Dataset entries:
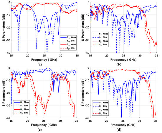 The measurement process was critical, requiring at least 35 measurements for each of the designs. Therefore, all connections had to be very stable to ensure that the conditions were the same in all 35 measurements. The results obtained from these 35 measurements were properly processed to combine the individual S parameters of each port in reflection and transmission parameters of an equivalent simultaneous excitation at the five input ports. This process was applied to the four designs, and the results obtained are represented in Figure 16, together with the results of the simulations. Figure 16a represents the results of the “thru” section, Figure 16b represents the results of the glide configuration section, Figure 16c represents the results of the non-glide section, and Figure 16d represents the results of the regenerated glide-symmetric design. The simulations were carried out including the losses in the dielectric (tan(δ) = 0.0035) and in the conductors (copper and aluminum). The results obtained fit very well with the simulations, with the exception of a small upward shift in frequency of approximately 0.5 GHz for all cases. The appearance of a band with an attenuation greater than 20 dB between 22.5 and 27.5 GHz was observed in the non-glide prototype (Figure 16c) with respect to the glide prototype (Figure 16b), whose effect was eliminated by regenerating the symmetry (Figure 16d). As indicated in Figure 10, an additional stop-band can be found at frequencies around 17.5 GHz in the non-glide case. The effect of this secondary stop-band was lower with an attenuation level between 15 and 20 dB, but it was present in the measurement due to the merging of the forward mode in the air and the backward mode in the dielectric. Finally, the appearance of a third stop-band in the three cases studied around 35 GHz was also of interest, which was produced again by the fusion of forward and backward modes in air and dielectric.
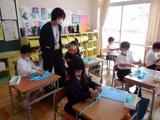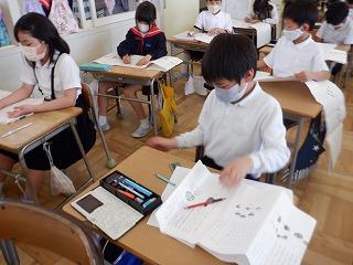 5月10日(火)1年2組の子ども達が、はさみを上手に使いながら飾りを作っていました。折ったり重ねたりした色紙を切ると、いろいろな形になることに驚きながら、作った飾りを友達や先生に見てもらい、楽しく取り組んでいました。
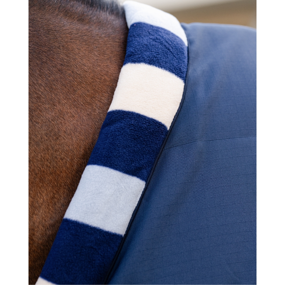 De zachte fleece kraag met klassieke Newmarket-strepen beschermt tegen tocht rond de hals en geeft tegelijk een exclusieve uitstraling. De V-frontsluiting van Horseware zorgt voor optimale schoudervrijheid, zodat het paard natuurlijk en moeiteloos kan bewegen.
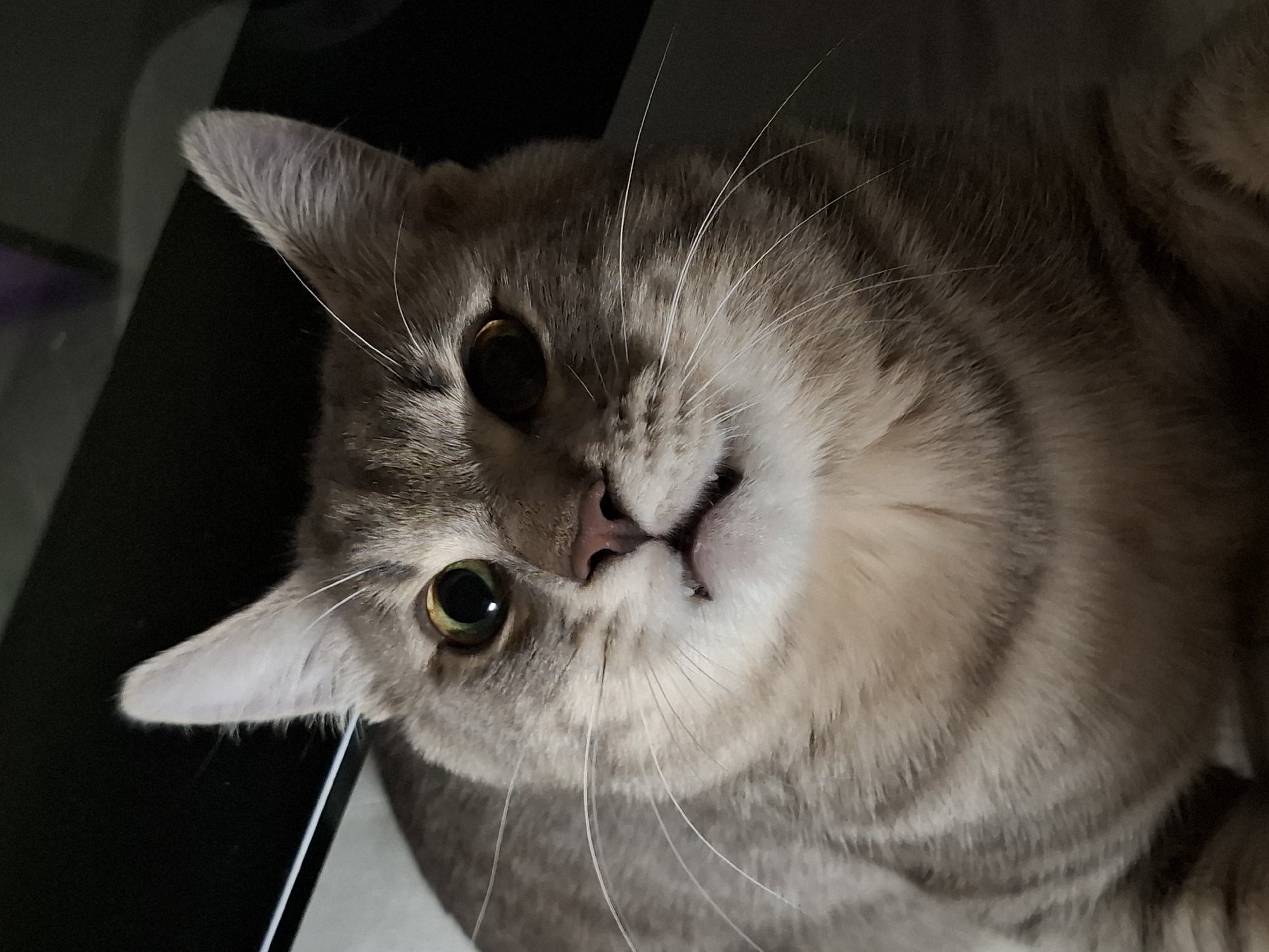 A close-up photograph captures a gray tabby cat with wide, inquisitive eyes of amber and green. The cat's face is tilted, revealing a pink nose, white whiskers, and a partially visible pink tongue. The fur is a mix of gray and beige tones. A dark, solid-colored surface is visible in the lower left corner of the frame. It cannot be determined if the location is in Novi Sad, Serbia.
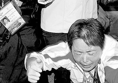 劉青的另一名教練張敏情緒激動(dòng),攔住了一名仲裁理論。記者越來越多,把倆人圍在中間。張敏不斷大聲喊叫:“我只要一個(gè)公平!”聲音逐漸嘶啞。仲裁向電梯走去,她硬扒住電梯。仲裁只能返回到競(jìng)賽控制中心,但中途又被張敏擋住。她甚至哭著跪倒在地,幾乎暈厥(如圖)。
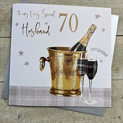 WHITE COTTON CARDS HUSBAND 70TH, GOLD CHAMPS LARGE BIRTHDAY CARD, HAND FINISHED (XS353 H70)
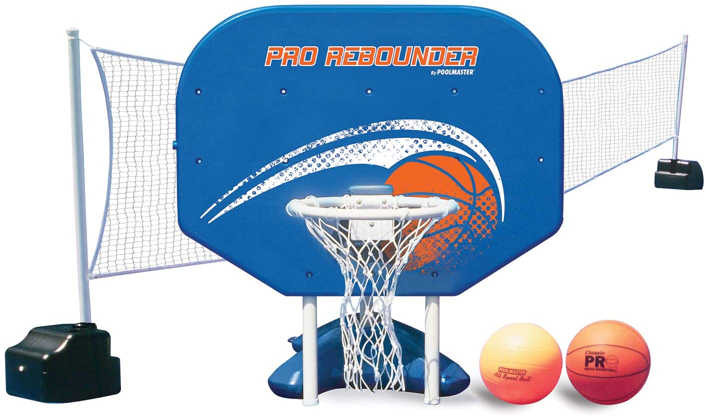 Specially designed poolside basketball or across-pool volleyball action for above-ground poolsCombination poolside basketball and across-pool volleyball game...
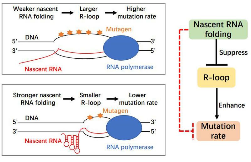 图2 新生RNA二级结构影响DNA自发突变率的机制
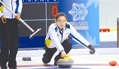 1月8日,第12届全国冬季运动会冰壶比赛中,拥有四名冰壶“国手”的哈尔滨女子冰壶队一场未输,成功卫冕,获得金牌。图为哈尔滨的王冰玉正在投掷冰壶。本报记者 许之丰 摄
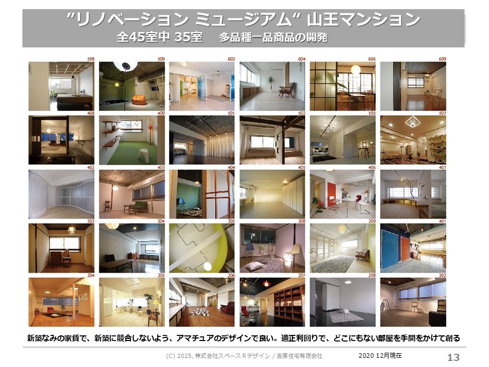 「山王マンション」は今、1棟の中にこれだけ違う部屋がある賃貸のリノベーションミュージアムです。当初から、周りの新築家賃並みの設定をしても、入居者さんに入っていただけるようになりました。
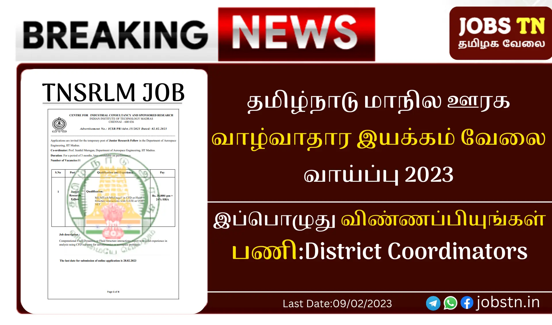 தமிழ்நாடு மாநில ஊரக வாழ்வாதார இயக்கம் திருப்பூரில் மாவட்ட ஒருங்கிணைப்பாளர் பணியிடங்களுக்கு தகுதியான இந்திய குடிமக்களிடமிருந்து விண்ணப்பங்கள் வரவேற்கப்படுகின்றன.
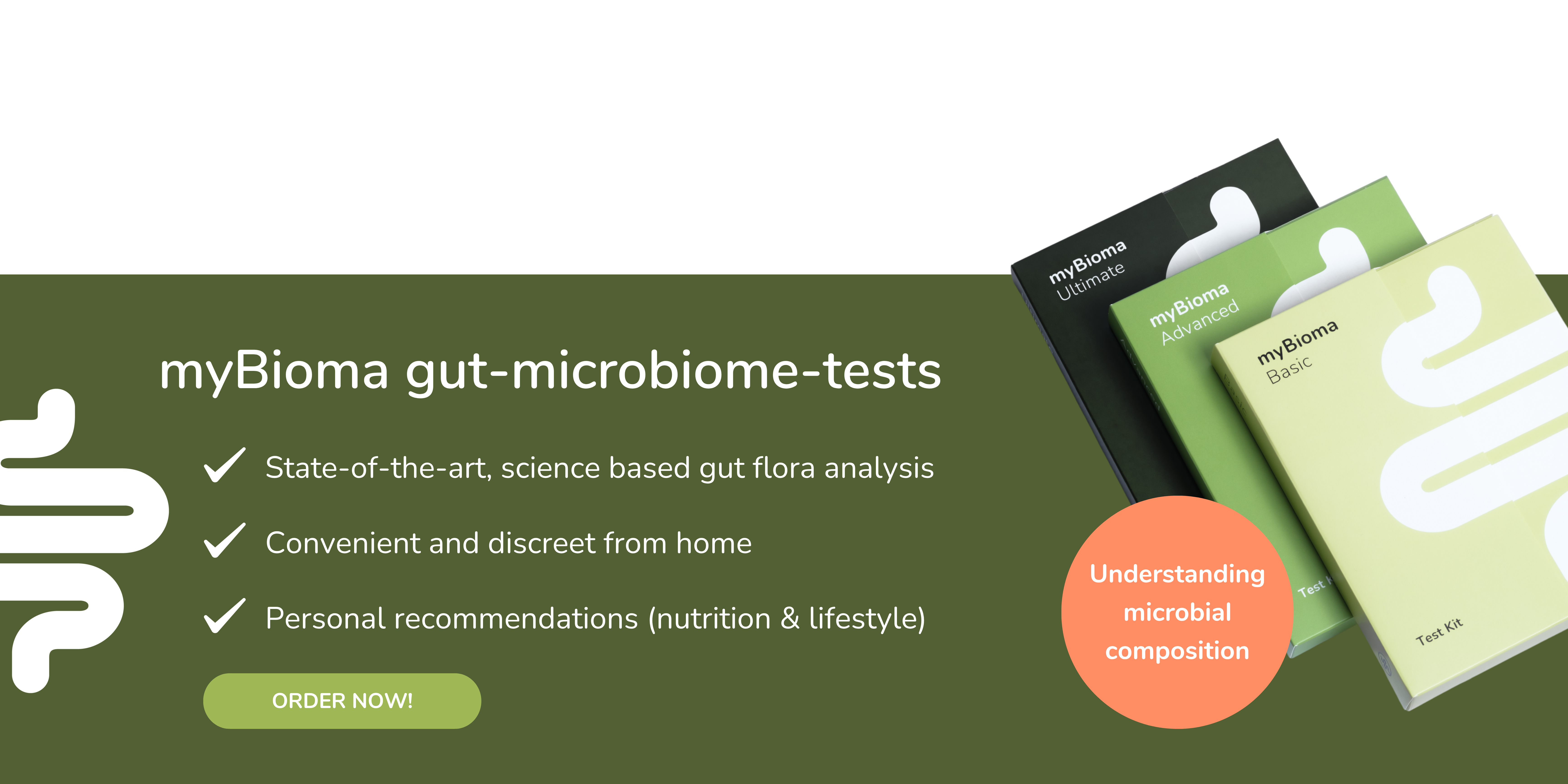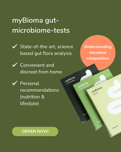 By the way: The myBioma Microbiome-Tests provide exciting insights into the composition of your individual microbiome. The Microbiome-Test Ultimate even shows you how well your gut bacteria support your physical wellbeing and fitness.
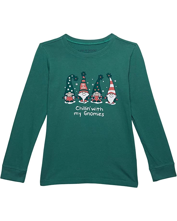 - Keep up with the festivities by giving your kiddo the Life is Good® Chillin’ with My Gnomes Long Sleeve Crusher™ Tee.
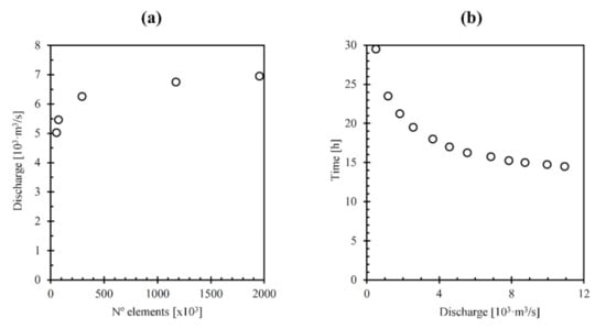 To illustrate the last two facts, a double sensitivity analysis was carried out on Marquelia basin. The results show that the peak discharge increases when the number of elements of the numerical model also increases (Figure 5a). An asymptotic trend towards 7000 m3/s is observed for calculation meshes with more than 1.9 million elements. This peak discharge increment is probably due to the better representation of the topography, in general, as well as the better definition of the river-channel, in particular, which improve the flow propagation representation. This last domain discretisation (1.9 M elements) represents approximately 19 elements per ha, which is still far from the values of flood studies where more than 1000 elements per ha is quite common [].
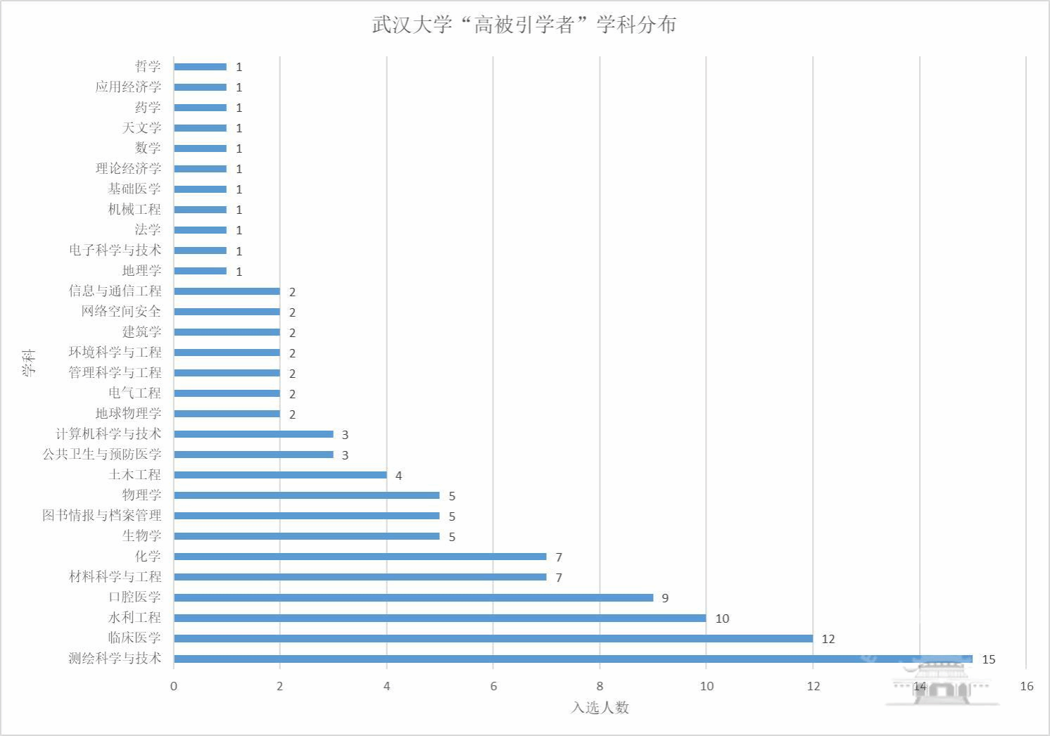 我校入选学者覆盖工学、理学、医学、管理学、经济学、法学、哲学7个学科门类,涵盖30个一级学科(详见图1),与去年同期相比增加了经济学学科门类、3个一级学科。其中,工学门类的高被引学者最多,共51人,其次是医学、理学,分别入选26人和22人。从一级学科看,测绘科学与技术(15人)、临床医学(12人)与水利工程(10人)入选学者人数居前三,口腔医学(新增4人)、图书情报与档案管理(新增2人)等11个学科入选学者较上一年度增加。学者周圣军、杨冕及Usman Muhammad的入选分别实现了我校机械工程、理论经济学与应用经济学3个学科高被引学者“零的突破”。
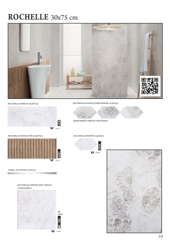 ROCHELLE30x75 cmROCHELLE WHITE 29,8X74,821,34 mRROCHELLE WOOD STR 29,8X74,821,34 mRSTEEL 18 LISTWA 2,3X74,8ROCHELLE WHITE MAT PADL%u00d3 59,8X59,8X0,821,79 mRROCHELLE WHITE 14,8X22,520,56 mRROCHELLE FLEUR FORM DEKOR 14,8X22,5PEIVR9H%u00c1ROMF%u00c9LE MINTA VEGYESEN55
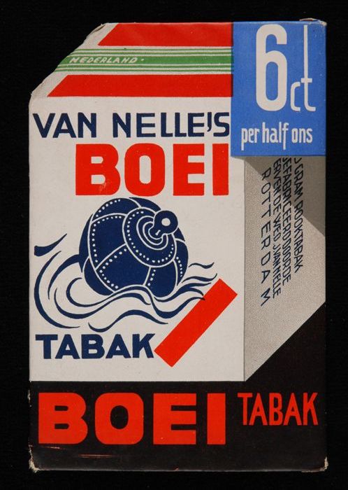 Klein reclamebord Van Nelle´s BOEI TABAK, met blauwe...
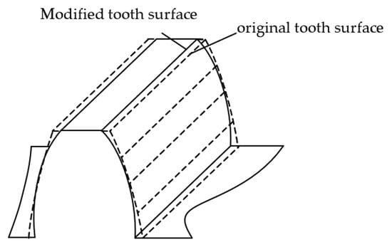 Transmission systems, which are integral to mechanical devices, benefit significantly from the enhancement of gear performance, as it directly affects the overall quality of the equipment. The modification of gear teeth is a prevalent method for enhancing the performance of gear transmission [,,,,,]. By implementing this technology, the typical line contact found on unmodified gear teeth transitions to point contact after modification. This shift notably diminishes the susceptibility to errors, resulting in a concurrent reduction in both vibration and noise while enhancing the meshing of gears []. The process of tooth modification stands out for both its effectiveness and cost-efficiency. It involves precise, micron-level alterations to the gear teeth, leaving the macro structure and overall dimensions of the gear system intact; importantly, it also does not contribute additional weight to the system. Its broad application across diverse gear-driven mechanisms underscores its utility [,,,,].
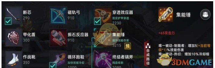 第三件装备就可以选择集能锤了,获得攻击力,生命值和冷却缩减,在出完这件装备之后洛帕尔的技能冷却就已经到达了40%的最高值,但是此时对面的护甲装备大概率都没有成型,所以这个时候的洛帕尔是最强势的阶段。
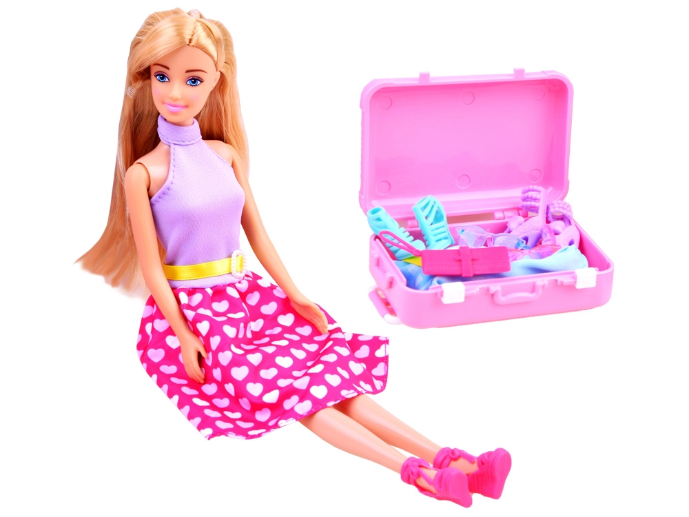 Iepakojumā iekļauti dažādi tērpi — no kleitas ar “Girl Power” apdruku līdz elegantām ballīšu drānām, vairāki pāri kurpju, somiņas, ķemme, spogulītis un citi stilīgi aksesuāri. Pārnēsājamais dizains ar rokturi ļauj paņemt savu modes pasauli līdzi jebkur.
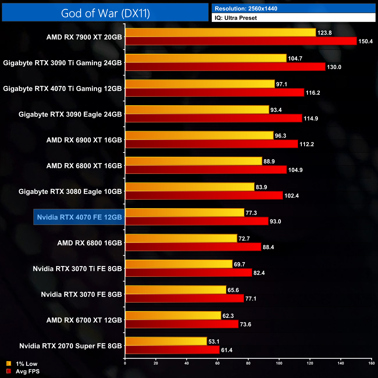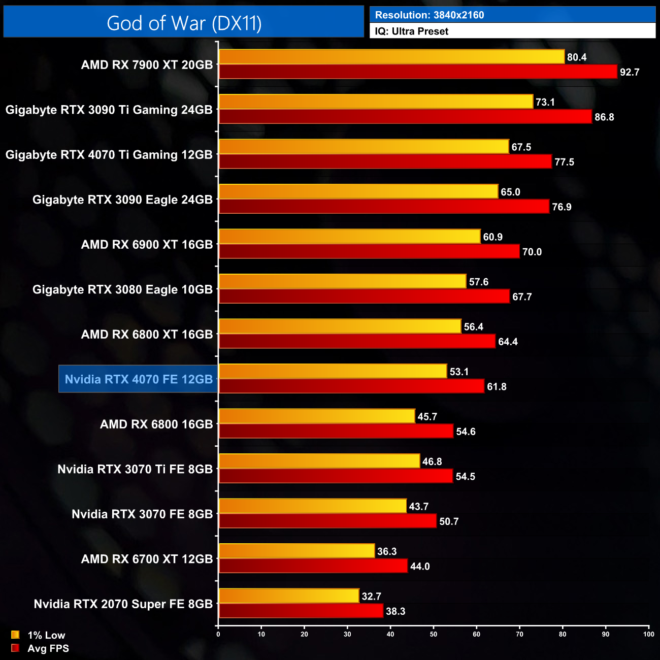 Performance levels in God of War are similar to Dying Light 2, as the RTX 4070 again delivers 93FPS on average, but this time that makes it 9% slower than the RTX 3080 and just 5% faster than the RX 6800. We're also looking at just a 13% improvement versus the RTX 3070 Ti.
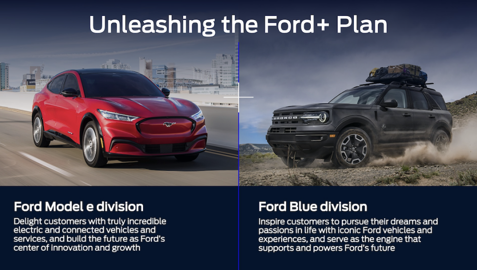 Ford Blue and Ford Model e will operate as distinct businesses, but share relevant technology and best practices to leverage scale and drive operating improvements.
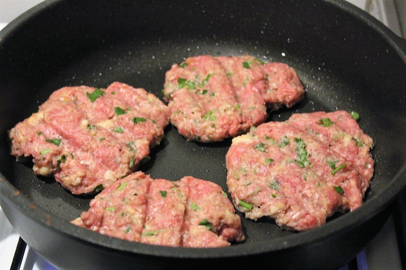 Charakteristisch für das Beefsteak ist ein Wellenmuster, das man durch Eindrücken mit einem Messerrücken bekommt. Dann sehen sie Beefsteaks so aus, als wenn man sie auf dem Grillrost gegart hätte
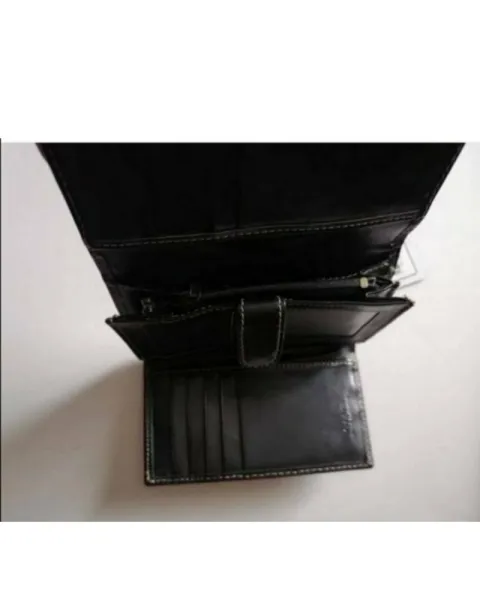 Bonita cartera en negro sintetico, muy completa, completamente nueva con etiquetaMedidas 10cm largo, ancho 14cm.POR FAVOR SI NO ES TU COMPRA SEGURA NO RETENGAS EL ARTICULO ANTES PUEDES PREGUNTAR SIN COMPROMISO SOBRE TUS DUDAS DE ALGÚN DETALLE
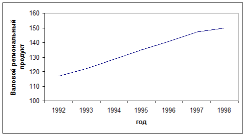 Таким образом, видим, что в 1992 – 1998г.г. тенденция валового регионального продукта характеризуется постоянным ростом. В целом за рассматриваемый период валовой региональный продукт увеличился на 33 или 28,2%. В среднем валовой региональный продукт в год увеличивался на 5,5 или на 4,2%.

**ACTION ITEM**. Go to the line above that has "Transmission systems, which" and copy exactly from there down to the line that has "Charakteristisch für das", both included. Leave the pictures out.

**RESULT**.
 Transmission systems, which are integral to mechanical devices, benefit significantly from the enhancement of gear performance, as it directly affects the overall quality of the equipment. The modification of gear teeth is a prevalent method for enhancing the performance of gear transmission [,,,,,]. By implementing this technology, the typical line contact found on unmodified gear teeth transitions to point contact after modification. This shift notably diminishes the susceptibility to errors, resulting in a concurrent reduction in both vibration and noise while enhancing the meshing of gears []. The process of tooth modification stands out for both its effectiveness and cost-efficiency. It involves precise, micron-level alterations to the gear teeth, leaving the macro structure and overall dimensions of the gear system intact; importantly, it also does not contribute additional weight to the system. Its broad application across diverse gear-driven mechanisms underscores its utility [,,,,].
 第三件装备就可以选择集能锤了,获得攻击力,生命值和冷却缩减,在出完这件装备之后洛帕尔的技能冷却就已经到达了40%的最高值,但是此时对面的护甲装备大概率都没有成型,所以这个时候的洛帕尔是最强势的阶段。
 Iepakojumā iekļauti dažādi tērpi — no kleitas ar “Girl Power” apdruku līdz elegantām ballīšu drānām, vairāki pāri kurpju, somiņas, ķemme, spogulītis un citi stilīgi aksesuāri. Pārnēsājamais dizains ar rokturi ļauj paņemt savu modes pasauli līdzi jebkur.
 Performance levels in God of War are similar to Dying Light 2, as the RTX 4070 again delivers 93FPS on average, but this time that makes it 9% slower than the RTX 3080 and just 5% faster than the RX 6800. We're also looking at just a 13% improvement versus the RTX 3070 Ti.
 Ford Blue and Ford Model e will operate as distinct businesses, but share relevant technology and best practices to leverage scale and drive operating improvements.
 Charakteristisch für das Beefsteak ist ein Wellenmuster, das man durch Eindrücken mit einem Messerrücken bekommt. Dann sehen sie Beefsteaks so aus, als wenn man sie auf dem Grillrost gegart hätte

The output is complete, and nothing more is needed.